→ Records for this exercise:

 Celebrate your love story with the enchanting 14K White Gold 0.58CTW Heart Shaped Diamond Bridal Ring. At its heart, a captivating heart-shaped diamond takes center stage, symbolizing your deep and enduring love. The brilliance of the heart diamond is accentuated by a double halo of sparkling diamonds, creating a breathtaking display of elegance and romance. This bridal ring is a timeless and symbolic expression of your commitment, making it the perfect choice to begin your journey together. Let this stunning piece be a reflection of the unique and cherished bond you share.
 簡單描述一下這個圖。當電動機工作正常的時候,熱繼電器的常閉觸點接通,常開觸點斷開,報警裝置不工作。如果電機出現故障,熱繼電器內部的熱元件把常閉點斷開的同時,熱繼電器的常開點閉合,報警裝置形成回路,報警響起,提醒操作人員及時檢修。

==

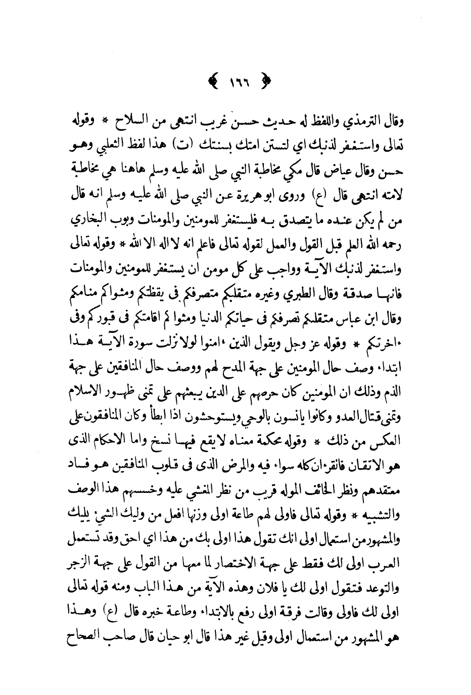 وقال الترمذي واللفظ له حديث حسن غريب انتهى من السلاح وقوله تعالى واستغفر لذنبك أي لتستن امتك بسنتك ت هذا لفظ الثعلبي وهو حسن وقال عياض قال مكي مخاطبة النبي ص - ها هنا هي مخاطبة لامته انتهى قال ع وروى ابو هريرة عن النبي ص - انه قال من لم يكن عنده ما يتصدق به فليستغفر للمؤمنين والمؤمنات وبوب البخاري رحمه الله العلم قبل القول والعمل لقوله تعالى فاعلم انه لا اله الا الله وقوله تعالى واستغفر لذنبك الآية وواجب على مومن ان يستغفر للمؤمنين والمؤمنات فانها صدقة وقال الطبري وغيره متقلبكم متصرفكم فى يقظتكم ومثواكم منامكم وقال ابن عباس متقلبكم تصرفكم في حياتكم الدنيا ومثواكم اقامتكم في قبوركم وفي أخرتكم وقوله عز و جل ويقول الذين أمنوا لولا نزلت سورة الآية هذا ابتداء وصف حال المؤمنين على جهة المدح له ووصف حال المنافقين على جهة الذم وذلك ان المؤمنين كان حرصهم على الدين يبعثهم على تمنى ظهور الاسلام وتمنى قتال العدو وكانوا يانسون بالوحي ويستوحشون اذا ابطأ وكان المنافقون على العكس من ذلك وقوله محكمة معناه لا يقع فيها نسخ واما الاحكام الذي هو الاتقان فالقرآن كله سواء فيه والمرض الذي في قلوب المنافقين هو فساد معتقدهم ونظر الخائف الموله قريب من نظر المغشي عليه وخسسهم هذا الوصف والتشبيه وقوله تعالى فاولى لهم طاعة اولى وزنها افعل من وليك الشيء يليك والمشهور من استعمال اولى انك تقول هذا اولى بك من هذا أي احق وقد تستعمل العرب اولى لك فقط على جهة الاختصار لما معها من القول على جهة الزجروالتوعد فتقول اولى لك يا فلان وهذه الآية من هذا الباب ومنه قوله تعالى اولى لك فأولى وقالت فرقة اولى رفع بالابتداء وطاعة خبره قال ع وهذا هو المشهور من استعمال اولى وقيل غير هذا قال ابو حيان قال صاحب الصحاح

→ Problem: From the entries above, return exactly the line containing "Celebrate your love", the line containing "簡單描述一下這個圖。當電動機", and all lines between, and nothing else.

→ Solution to this exercise:
 Celebrate your love story with the enchanting 14K White Gold 0.58CTW Heart Shaped Diamond Bridal Ring. At its heart, a captivating heart-shaped diamond takes center stage, symbolizing your deep and enduring love. The brilliance of the heart diamond is accentuated by a double halo of sparkling diamonds, creating a breathtaking display of elegance and romance. This bridal ring is a timeless and symbolic expression of your commitment, making it the perfect choice to begin your journey together. Let this stunning piece be a reflection of the unique and cherished bond you share.
 簡單描述一下這個圖。當電動機工作正常的時候,熱繼電器的常閉觸點接通,常開觸點斷開,報警裝置不工作。如果電機出現故障,熱繼電器內部的熱元件把常閉點斷開的同時,熱繼電器的常開點閉合,報警裝置形成回路,報警響起,提醒操作人員及時檢修。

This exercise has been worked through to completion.